I made Claude Code build trading strategies — and built an adversarial harness to stop it from cheating
Inspired by Karpathy's "autoresearch" idea, I pointed a general-purpose coding agent at crypto strategy design and said "go." First few attempts? Sharpe 3.0, 4.0, 5.0. Beautiful equity curves. Then I looked at the code — forward-looking features everywhere, labels leaking into signals, the usual.

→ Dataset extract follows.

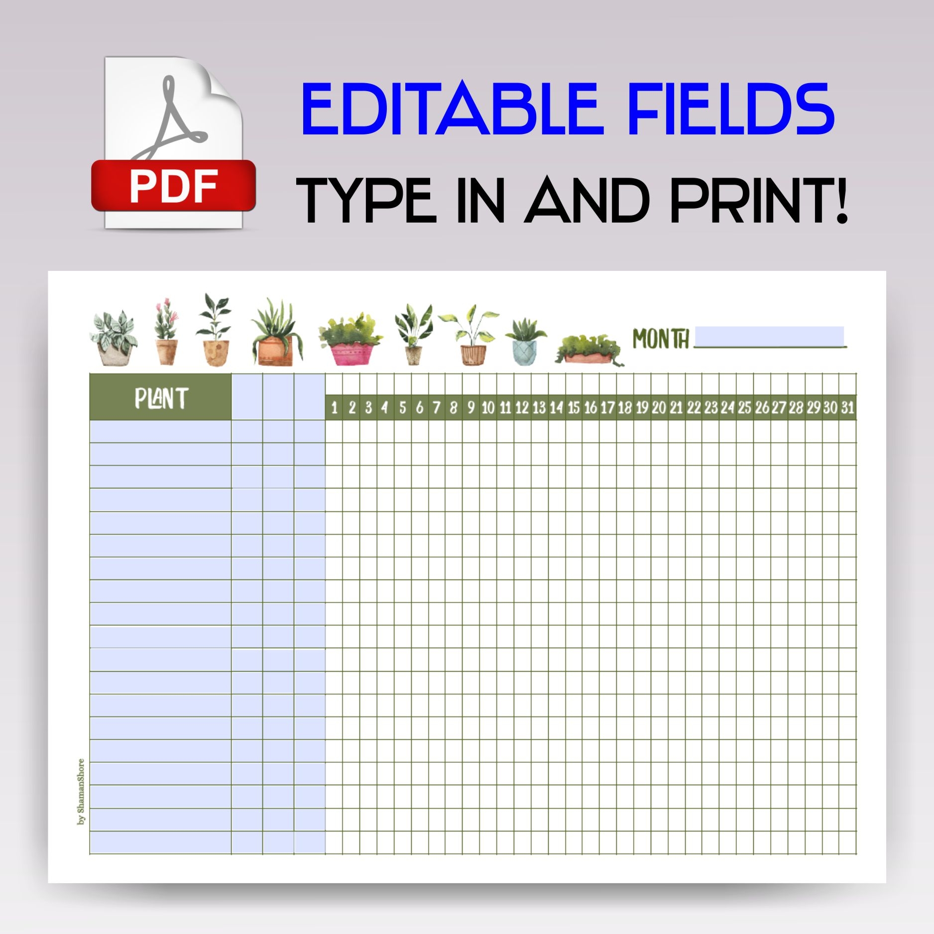 Fillable Plant Watering Schedule Template PDF Editable Form Inspire Uplift

The problem isn't that coding agents are bad at quant research. It's that they're great at p-hacking. They'll shift(-1) the wrong direction, normalize on the full sample, tune parameters until the backtest sings — and write a convincing explanation for why it all makes sense. Claude Code, Copilot, whatever — they all do this.
So I built Alpha Forge — a coaching-based adversarial pipeline wrapped around a general-purpose coding agent. The agent writes the strategy code; the harness makes sure it can't cheat:
- 7 specialized LLM judges (leakage, overfit, realism, code smell, etc.) review every plan, every code change, and every result
- 5 deterministic guards scan for forward-looking ops, split contamination, and forbidden file edits — no LLM, pure code
- Mutation budgets cap how many parameters each family can tune before it's forced to fork
- Judges never reject — they coach. Each iteration gets actionable "must fix" feedback, and the coding agent decides how to respond
The harness is agent-agnostic — swap in Claude Code, Cursor, or any future coding agent, same pipeline applies. The insight is that you don't need a custom model for the researcher role. Off-the-shelf
coding agents already generate plausible strategy code. You just need to surround them with enough adversarial scrutiny that cheating becomes harder than doing honest research.
One graduating strategy so far (Sharpe 1.69 validation / 0.38 holdout). More importantly: the divergence-based families all failed. The funding-rate strategy couldn't find signal. The vol compression lineage took 5 forks to converge. Honest failure is the point.